Summary 

Causing a greater subjective pain experience is not necessary for improving the objective assessment of pain using contact heat-evoked potentials.

Following nociceptive heat or laser stimulation, an early contralateral and later vertex potential can be recorded. Although more indicative of the nociceptive input, the acquisition of the contralateral N1 after contact heat stimulation (contact heat-evoked potentials [CHEPs]) remains difficult. An advantage of contact heat is that the baseline skin temperature preceding peak stimulation can be controlled. Increasing the baseline temperature may represent a novel strategy to improve the acquisition of CHEPs without resulting in more subjective pain to stimulation. A study was undertaken in 23 healthy subjects to examine the effects of increasing the baseline temperature but not the perceived intensity of contact heat stimulation. A combined standard averaging and single-trial analysis was performed to disclose how changes in averaged waveforms related to latency jitter and individual trial amplitudes.
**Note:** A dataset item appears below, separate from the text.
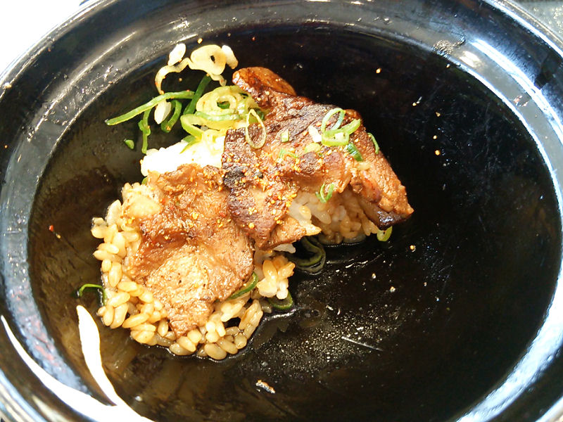 以前に、焼き豚丼を出していましたが、今回はロース豚を使用した豚丼になります。以前と同じく、十勝仕立てとなっていますが、付け合せのキャベツはなく、小口切りのネギが乗ったものとなっています。

By increasing the baseline temperature, the acquisition of N1 was improved among subjects with a low-amplitude response (greater than −4 μV) following 35°C baseline temperature stimulation (P < .05). Based on standard averaging, N2/P2 amplitudes were also significantly increased with and without an accompanying change in the rating of perceived pain when the baseline temperature was increased (P < .05). In contrast, automated single-trial averaging revealed no significant difference in N2 amplitude when the baseline temperature was increased to 42°C and the peak temperature reduced. These findings suggest that 2 mechanisms underlie the improved acquisition of CHEPs: increased synchronization of afferent volley, yielding larger-amplitude evoked potentials in response to the same rating of intensity; and reduced inter-trial variability.